2022-08-29 10:34:52

by Santosh Shukla

[permalink] [raw]
Subject: [PATCHv4 0/8] Virtual NMI feature


Change History:

v4 (v6.0-rc3):
05 - added nmi_l1_to_l2 check (Review comment from Maciej).

v3 (rebased on eb555cb5b794f):
https://lore.kernel.org/all/[email protected]/

v2:
https://lore.kernel.org/lkml/[email protected]/T/#m4bf8a131748688fed00ab0fefdcac209a169e202

v1:
https://lore.kernel.org/all/[email protected]/

Description:
Currently, NMI is delivered to the guest using the Event Injection
mechanism [1]. The Event Injection mechanism does not block the delivery
of subsequent NMIs. So the Hypervisor needs to track the NMI delivery
and its completion(by intercepting IRET) before sending a new NMI.
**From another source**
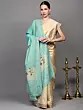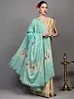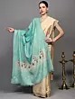 Almost-Aqua Kalamkari Stole with Chain Stitch Thread Embroidered Flowers in Multicolor

Virtual NMI (VNMI) allows the hypervisor to inject the NMI into the guest
w/o using Event Injection mechanism meaning not required to track the
guest NMI and intercepting the IRET. To achieve that,
VNMI feature provides virtualized NMI and NMI_MASK capability bits in
VMCB intr_control -
V_NMI(11) - Indicates whether a virtual NMI is pending in the guest.
V_NMI_MASK(12) - Indicates whether virtual NMI is masked in the guest.
V_NMI_ENABLE(26) - Enables the NMI virtualization feature for the guest.

When Hypervisor wants to inject NMI, it will set V_NMI bit, Processor will
clear the V_NMI bit and Set the V_NMI_MASK which means the Guest is
handling NMI, After the guest handled the NMI, The processor will clear
the V_NMI_MASK on the successful completion of IRET instruction
Or if VMEXIT occurs while delivering the virtual NMI.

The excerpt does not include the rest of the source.